Materials and Methods

Bacterial Strains

A total of 107 strains were included in this study. Of 86 B. anthracis isolates analyzed (Table 1), 18 were selected to represent a wide range of temporal (1937–1997), geographic (16 countries), and source diversity (soil, animals, or humans). Fourteen reference and standard strains, such as the Vollum, Ames, Pasteur, New Hampshire, V770, and Sterne strains, were also included. The remaining 54 strains were isolated from October to December 2001 during the bioterrorism-associated anthrax outbreak in the United States. Ten B. cereus and 11 B. thuringiensis strains were also analyzed by 16S rRNA sequencing. All strains were identified by standard microbiologic procedures and according to the Laboratory Response Network diagnostic criteria (9,10).

Clinical Specimens

We analyzed 198 clinical specimens (76 blood, 30 tissue, 16 pleural fluid, 37 serum, 6 cerebrospinal fluid, and 33 other specimens). Sixty-nine specimens were obtained from patients with laboratory-confirmed anthrax (55 specimens from 11 inhalational cases and 14 from 7 cutaneous cases). DNA was extracted from fluid (200 µL) or small tissue specimens (<5 mm3) according to manufacturer's instructions with a Qiagen DNA Mini Kit (Qiagen, Valencia, CA). All 198 DNA samples were analyzed for 16S rRNA gene amplification and products sequenced.

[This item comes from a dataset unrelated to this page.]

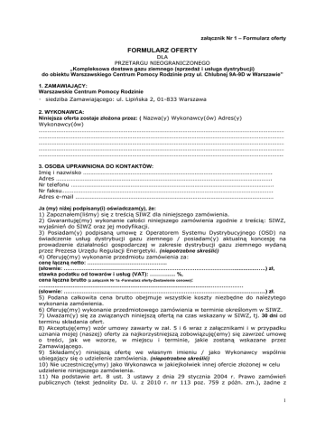 załącznik Nr 1 – Formularz oferty FORMULARZ OFERTY DLA PRZETARGU NIEOGRANICZONEGO „Kompleksowa dostawa gazu ziemnego (sprzedaż i usługa dystrybucji) do obiektu Warszawskiego Centrum Pomocy Rodzinie przy ul. Chlubnej 9A-9D w Warszawie” 1. ZAMAWIAJĄCY: Warszawskie Centrum Pomocy Rodzinie siedziba Zamawiającego: ul. Lipińska 2, 01-833 Warszawa 2. WYKONAWCA: Niniejsza oferta zostaje złożona przez: ( Nazwa(y) Wykonawcy(ów) Adres(y) Wykonawcy(ów) ………………………………………………………………………………………………………………………………………………… ………………………………………………………………………………………………………………………………………………… ………………………………………………………………………………………………………………………………………………… ………………………………………………………………………………………………………………………………………………… ……………………………………………………………………………………………………………………………………………….. 3. OSOBA UPRAWNIONA DO KONTAKTÓW: Imię i nazwisko ………………………………………………………………………………………………………………. Adres ………………………………………………………………………………………………………………………………. Nr telefonu ………………………………………………………………………………………………………………………. Nr faksu……………………………………………………………………………………………………………………………. Adres e-mail ……………………………………………………………………………………………………………………. Ja (my) niżej podpisany(i) oświadczam(y), że: 1) Zapoznałem(liśmy) się z treścią SIWZ dla niniejszego zamówienia. 2) Gwarantuję(my) wykonanie całości niniejszego zamówienia zgodnie z treścią: SIWZ, wyjaśnień do SIWZ oraz jej modyfikacji. 3) Posiadam(y) podpisaną umowę z Operatorem Systemu Dystrybucyjnego (OSD) na świadczenie usług dystrybucji gazu ziemnego / posiadam(y) aktualną koncesję na prowadzenie działalności gospodarczej w zakresie dystrybucji gazu ziemnego wydaną przez Prezesa Urzędu Regulacji Energetyki. (niepotrzebne skreślić) 4) Oferuję(my) wykonanie przedmiotu zamówienia za: cenę łączną netto: …………………………………….. (słownie: ………………………………………………………………………………….................….) zł, stawka podatku od towarów i usług (VAT): ………...... %, cena łączna brutto (z załącznik Nr 1a -Formularz oferty-Zestawienie cenowe): …..............................................................................................................……………… (słownie: ……………………………………………………………………………………..................) zł. 5) Podana całkowita cena brutto obejmuje wszystkie koszty niezbędne do należytego wykonania zamówienia. 6) Oferuję(my) wykonanie przedmiotowego zamówienia w terminie określonym w SIWZ. 7) Uważam(y) się za związanych niniejszą ofertą na czas wskazany w SIWZ, tj. 30 dni od terminu składania ofert. 8) Akceptuję(emy) wzór umowy zawarty w zał. 5 i 6 wraz z załącznikami i w przypadku uznania mojej (naszej) oferty za najkorzystniejszą zobowiązuję(emy) się zawrzeć umowę o treści, jak we wzorze, w miejscu i terminie, jakie zostaną wskazane przez Zamawiającego. 9) Składam(y) niniejszą ofertę we własnym imieniu / jako Wykonawcy wspólnie ubiegający się o udzielenie zamówienia. (niepotrzebne skreślić) 10) Nie uczestniczę(ymy) jako Wykonawca w jakiejkolwiek innej ofercie złożonej w celu udzielenie niniejszego zamówienia. 11) Na podstawie art. 8 ust. 3 ustawy z dnia 29 stycznia 2004 r. Prawo zamówień publicznych (tekst jednolity Dz. U. z 2010 r. nr 113 poz. 759 z późn. zm.), żadne z 1 informacji zawartych w ofercie nie stanowią tajemnicy przedsiębiorstwa w rozumieniu przepisów o zwalczaniu nieuczciwej konkurencji / wskazane poniżej informacje zawarte w ofercie stanowią tajemnicę przedsiębiorstwa w rozumieniu przepisów o zwalczaniu nieuczciwej konkurencji i w związku z niniejszym nie mogą być one udostępniane, w szczególności innym uczestnikom postępowania (niepotrzebne skreślić) l.p. oznaczenie rodzaju (nazwa) informacji strony w ofercie od do ………………………………………………………………………………………………………………………………………………… ………………………………………………………………………………………………………………………………………………… ………………………………………………………………………………………………………………………………………………… ………………………………………………………………………………………………………………………………………………… ……………………………………………………………………………………………………………………………………………….. 12) Nie zamierzam(y) powierzać do podwykonania żadnej części niniejszego zamówienia podwykonawcom /następujące części niniejszego zamówienia zamierzam(y) powierzyć podwykonawcom (niepotrzebne skreślić) : l.p. Wykaz części zamówienia powierzonych podwykonawcy 1 …………………………………………………………………

Polymerase Chain Reaction (PCR)

A 1,686-bp fragment of DNA, including the 1,554-bp 16S rRNA gene, was amplified from all 107 Bacillus species strains by using primers 67F and 1671R (Table 2). For clinical samples, we used the initial DNA amplicon as a template in a nested PCR with a second set of internal primers, 23F and 136R (Table 1). Both sets of primers were designed from the B. anthracis genome sequence (http://www.tigr.org). The full-length size of B. anthracis 16S rRNA gene (1,554 bp) was determined from an alignment of the 16S rRNA genes from Escherichia coli, Neisseria gonorrhoeae (GenBank accession nos. J01859 and X07714, respectively), and the 16S rRNA gene regions of the B. anthracis genome sequence (http://www.tigr.org). Whole cell suspensions or DNA extracts were used for PCR of isolates or clinical samples, respectively. For whole cell suspensions, a single colony from an SBA plate was resuspended in 200 µL of 10 mM Tris, pH 8.0. The suspension was put in a Millipore 0.22-µm filter unit (Millipore, Bedford, MA), heated at 95°C for 20 min, centrifuged at 8,000 rpm for 2 min, and then used for PCR. Each final PCR reaction (100 µL) contained 5 U of Expand DNA polymerase (Roche, Mannheim, Germany); 2 µL of whole cell suspension or DNA; 10 mM Tris-HCl (pH 8.0); 50 mM KCl; 1.5 mM MgCl2; 200 µM (each) dATP, dCTP, dGTP, and dTTP; and 0.4 µM of each primer. Reactions were first incubated for 5 min at 95°C. Then 35 cycles were performed as follows: 15 s at 94ºC, 15 s at the annealing temperature of 52ºC, and 1 min 30 s at 72ºC. Reactions were then incubated at 72ºC for another 5 min. The annealing temperature for the nested PCR was 50ºC. PCR products were purified with Qiaquick PCR purification kit (Qiagen).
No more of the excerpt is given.